Deputado estadual foi eleito nesta quinta-feira (26) e poderia assumir a o governo do Rio de Janeiro

Reprodução/AlerjDouglas Ruas, presidente da Alerj

O Tribunal de Justiça do Rio de Janeiro (TJRJ) anulou no final da tarde desta quinta-feira (26) a eleição que nomeou o deputado estadual e pré-candidato ao governo, Douglas Ruas (PL-RJ), como presidente da Assembleia Legislativa do Estado do Rio de Janeiro (Alerj). O antigo presidente, Rodrigo Bacellar (União), teve o mandato cassado nesta semana.

A decisão veio poucas horas depois da votação em sessão extraordinária que elegeou Ruas como novo presidente da Alerj com 45 voto a favor e nenhum contra.

Segundo a desembargadora, Suely Lopes Magalhães, a votação só deveria acontecer depois da recontagem dos votos de Bacellar, aí sim, poderia haver a eleição de um novo presidente da Assembleia. O Tribunal Regional Eleitoral do Rio de Janeiro (TRE-RJ) convocou para terça-feira (31), às 15h, o reprocessamento da totalização dos votos das Eleições de 2022, para o cargo de deputado estadual.

“A media é motivada pela decisão do Tribunal Superior Eleitoral (TSE) que cassou o diploma do deputado estadual Rodrigo bacellar, ex-presidente da Assembleia Legislativa do Estado do Rio de Janeiro (Alerj), anulando os seus 97.822 voto”, diz a nota. Bacellar teve o mandato cassado na terça-feira (24), assim como o ex-governador do Rio de Janeiro, Cláudio Castro, que passou a ficar inelegível por 8 anos.

O que está acontecendo no Rio de Janeiro?
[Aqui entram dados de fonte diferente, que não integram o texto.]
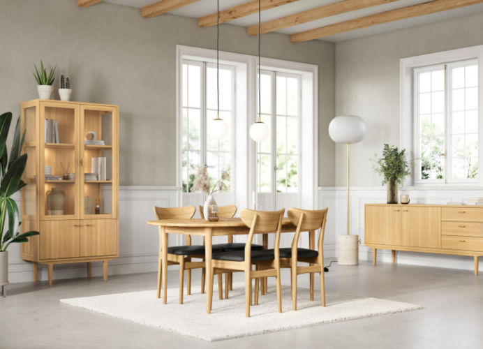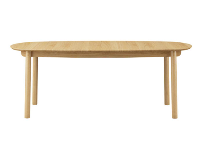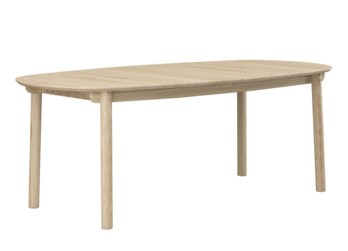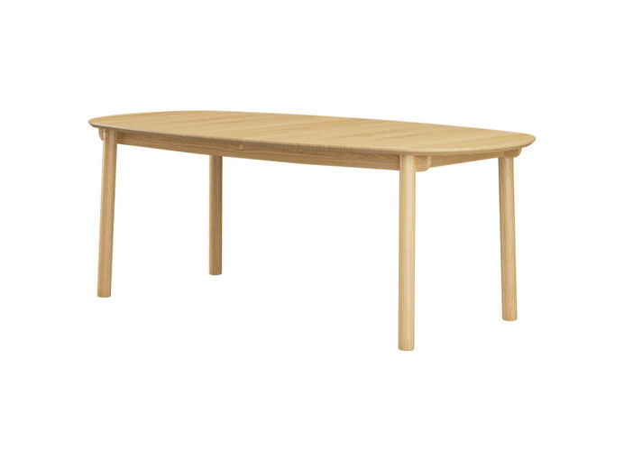 WE00894CASØ 777 eettafel is een moderne tafel van massief eiken, met zachte rondingen en een elegant design. De afgeronde hoeken, de vloeiende lijnen van het hout en de licht aflopende poten geven de tafel een vriendelijke en stijlvolle uitstraling.

O Rio de Janeiro, no momento, se encontra sem governador. Cláudio Castro (PL-RJ) renunciou na segunda-feira (23) do cargo para concorrer ao Senado. A decisão veio um dia depois da votação do TSE que acusou o ex-governador de de abuso de poder político e econômico nas eleições de 2022 e tornou Castro inelegível por 8 anos. O placar foi de 5 a 2 pela condenação. Com a maioria, o ex-governador do Rio de Janeiro está inelegível até 2030, o que impede que ele dispute o Senado nas eleições deste ano.

Quem deveria assumir o governo era o vice-governador, Thiago Pampolha, entretanto, ele renunciou em 2025 e assumiu um cargo no Tribunal de Contas do Estado (TCE-RJ). Na linha sucessória, aparecia o presidente da Assembleia Legislativa do Rio de Janeiro (Alerj), Rodrigo Bacellar (União), entretanto, ele foi cassado na terça-feira na mesma votação que tornou Castro inelegível por 8 anos.

Atualmente quem ocupa essa função de governador é o presidente do Tribunal de Justiça do Rio, desembargador Ricardo Couto.